Slide 22 of 26
I would like to submit, therefore, that in all of the areas that the Jurisdiction Project is addressing, the single most likely approach toward a solution over the long haul is by means of international agreements. The WTO Financial Services Pact now under consideration points the way home.
The qualification of “in the long haul” is fundamental. The fact is that international agreements develop at a glacial pace almost regardless of subject matter. Further, in this area, the national laws are so complex and divergent, that convergence -- much less harmonization -- will be very difficult to achieve. In addition, the global nature of the Internet causes an expansion of the number of entities that need to come to agreement.

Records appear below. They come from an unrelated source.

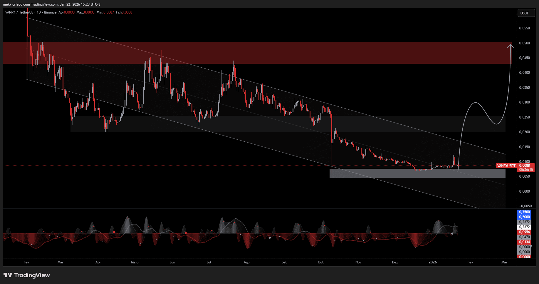 Im technischen Bereich des Tradings, bei der Analyse des täglichen Charts von VANRY/USDT, sehen wir einen abwärtsgerichteten Trend seit dem Höhepunkt von $0.05 Mitte 2025, mit dem aktuellen Preis von $0.0089 nach einer Ablehnung bei höheren Widerständen. Der Schlüsselunterstützungsbereich bei $0.0075 wurde kürzlich getestet, wobei die abwärtsgerichtete Trendlinie drückt, aber der WaveTrend-Indikator zeigt eine deutliche bullische Divergenz: Der Oszillator bildet höhere Tiefs, während der Preis sinkt, was auf angesammelten Käufermomentum und eine potenzielle Umkehr hindeutet. Das On-Chain-Volumen ist in der Woche um 15% gefallen, aber OBV bestätigt subtile Zuflüsse. Der RSI bei 42 vermeidet extremes Überverkauftsein, und der MACD zeigt Anzeichen eines bullischen Kreuzes im wöchentlichen Chart. Projektion: Wenn der abwärtsgerichtete Trend durchbrochen wird, ist eine Liquiditätsaufnahme über $0.045-0.05 möglich, mit dem Ziel von $0.10 in der Altseason-Rotation – Setup für vorsichtige Long-Positionen in unterbewerteten Alts.
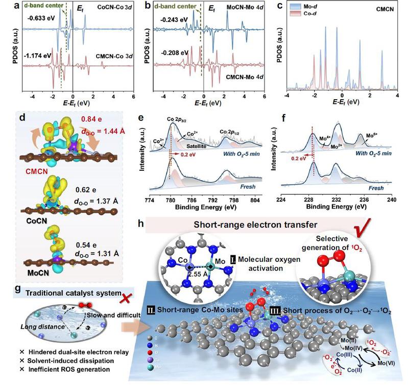 针对此科学技术难题,王威教授课题组提出了一种无需外加氧化剂和额外能量输入的分子氧活化新策略。团队通过构建原子级相邻的双金属位点,利用d-d轨道耦合与电子离域效应,在催化剂内部形成短程、高效的电子传输通道,从而强化O2吸附并通过π*轨道有效削弱O-O键,实现在温和条件下对O2的直接、高选择性的单线态氧转化。该体系在无偏压、仅曝气条件下,其活性氧物种生成速率和污染物降解性能可与传统化学氧化剂体系相媲美,而运行成本降低了约100倍。同时,该催化体系在复杂水体中表现出优异的稳定性和普适性,可应用于污染物降解、无机离子转化及细菌灭活等领域。这项研究为构建可持续、高效的分子氧活化体系提供了新的设计范式,为下一代能量中性催化技术的发展奠定了重要基础。
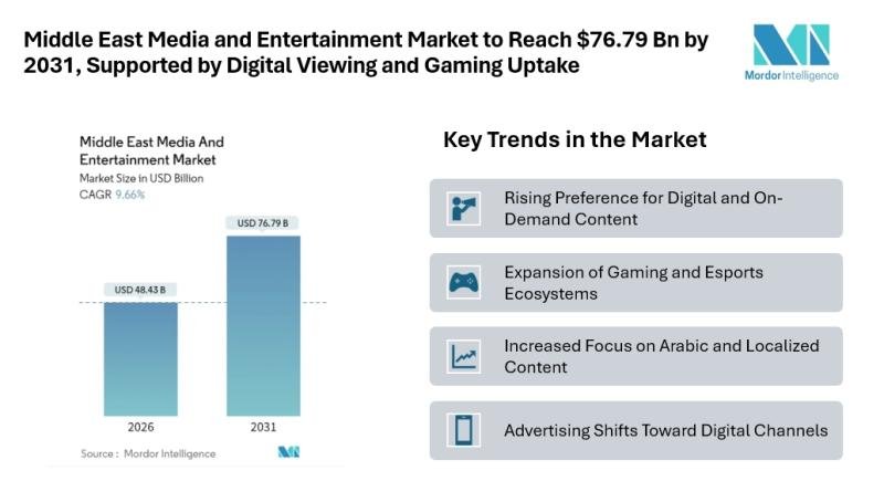 The Middle East Media and Entertainment Market [https://www.mordorintelligence.com/industry-reports/middle-east-media-and-entertainment-market?utm_source=abnewswire] continues to show steady expansion as digital viewing habits, gaming adoption, and locally produced content gain stronger traction across the region. According to Mordor Intelligence, the market size is estimated at USD 48.43 billion in 2026, rising from USD 44.16 billion in 2025, and is projected to reach USD 76.79 billion by 2031, supported by a healthy growth rate during the forecast period.
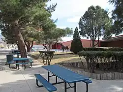 The school opened in 1958 and was originally constructed to hold between 1,800 and 2,000 students at a cost of $1.3 million.[5] The smaller Yucca school, located east of the main building, was completed in 1959 to house elementary students.[6] The Yucca school was phased out as an elementary school in 1974 due to low enrollment, and was used as an annex to Sandia.[7]
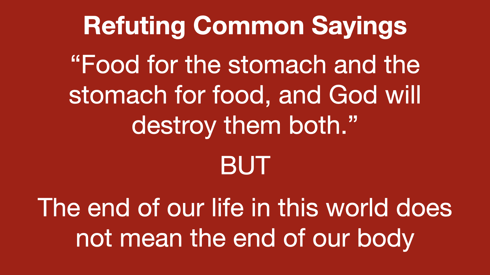 Then Paul addresses a second common saying: “Food for the stomach and the stomach for food, but God will destroy them both.” Again, there’s a grain of truth in this statement because food satisfies the hunger of the stomach and the stomach is designed to digest the food we eat. Furthermore, a day will come when each of us will die and, given enough time, our bodies will eventually turn to dust. However, the end of our life in this world does not mean the end of our bodies.
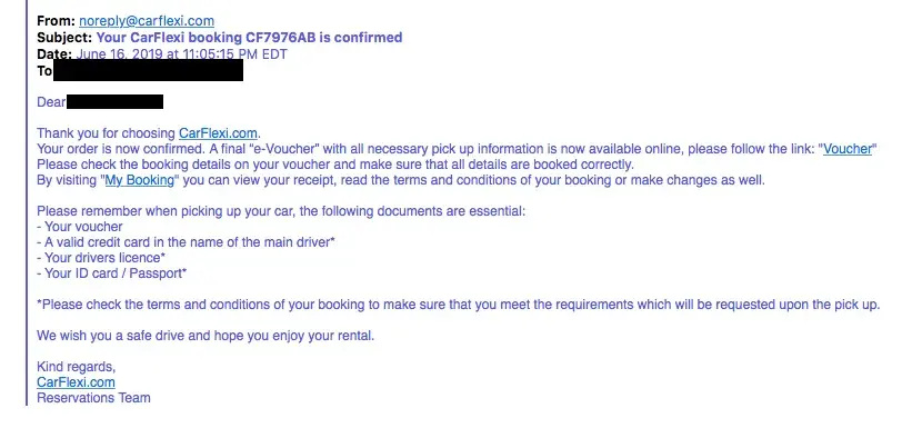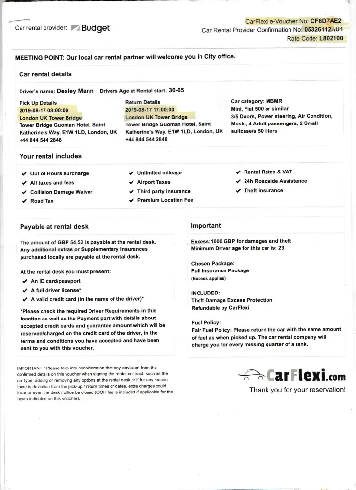 The voucher and confirmation email is attached to this email. I was advised to write to this email address by the carflexi helpline in order to claim compensation.
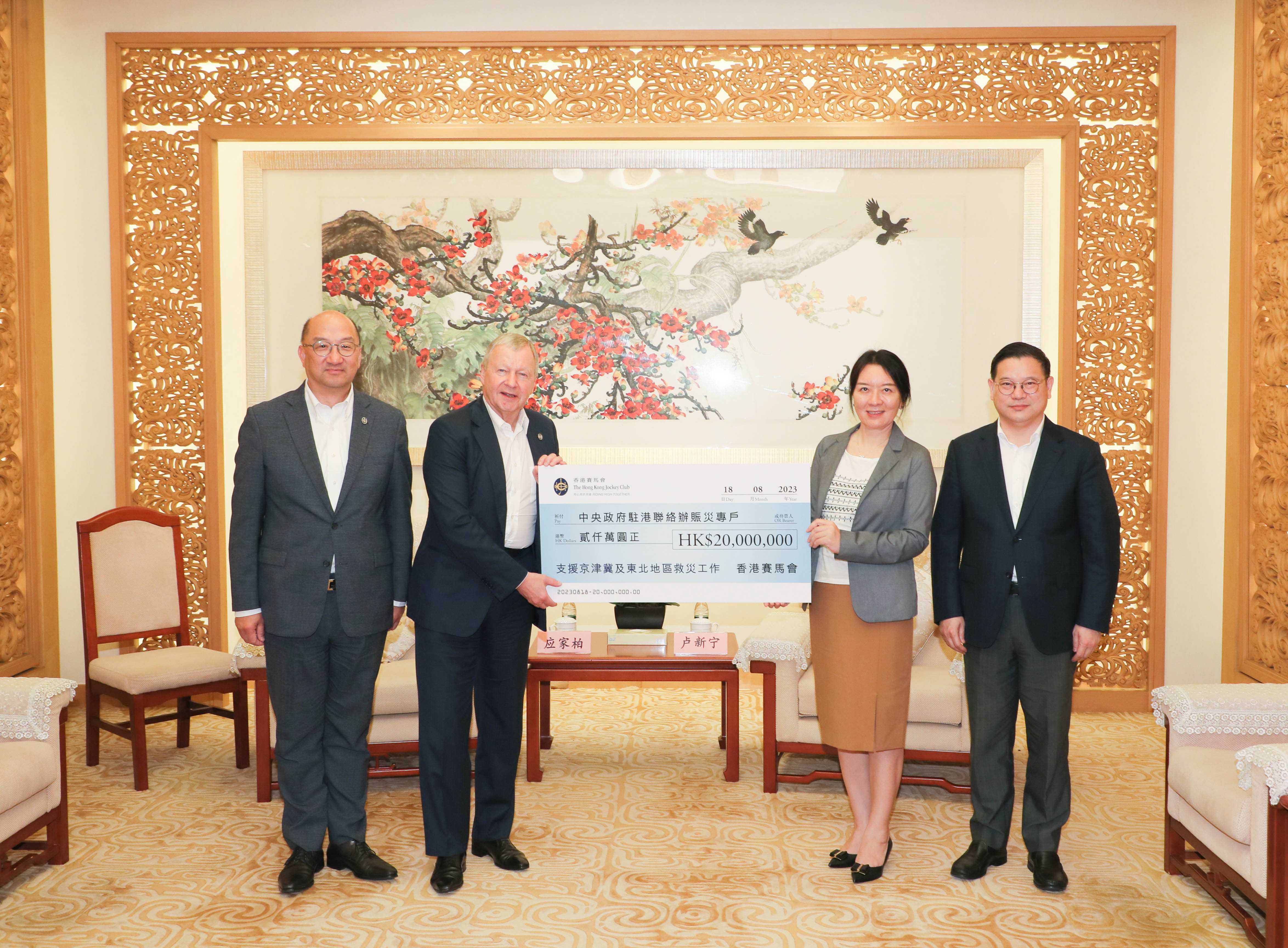 香港赛马会捐款2000万港元。(图片来源:中央政府驻港联络办)
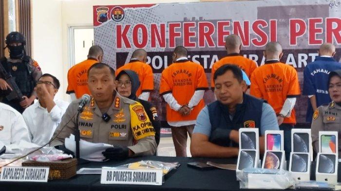 Kapolresta Solo, Kombes Pol Iwan Saktiadi mengungkapkan, tersangka melakukan pencurian sebanyak 56 handphone dengan merek iphone.

I would also like to submit that those agreements need not be, in each case, governmental. In that regard, the work of the Privacy Working Group of the Jurisdiction Project is instructive. Efforts have been made to work out between the United States and the EU a set of safe harbor agreements. There is a widespread feeling in the privacy community that this process has largely failed and that they are, therefore, moving directly to solving the problems by means of contractual provisions among private parties. In essence, they are adopting methods employed in the wholesale payment systems market. (The EU Directive on Data Protection [Directive 95/46/EC; see http://www.cdt.org/privacy/eudirective/EU_Directive_.html] permits data transfers to third countries that do not ensure an “adequate” level of privacy protection when contractual or other safeguards protect the privacy of the data. 95/46/EC Art. 26(2). The Directive authorizes the European Commission to adopt standard contractual clauses that will be deemed to “offer sufficient safeguards.” 95/46/EC Art. 26(4)).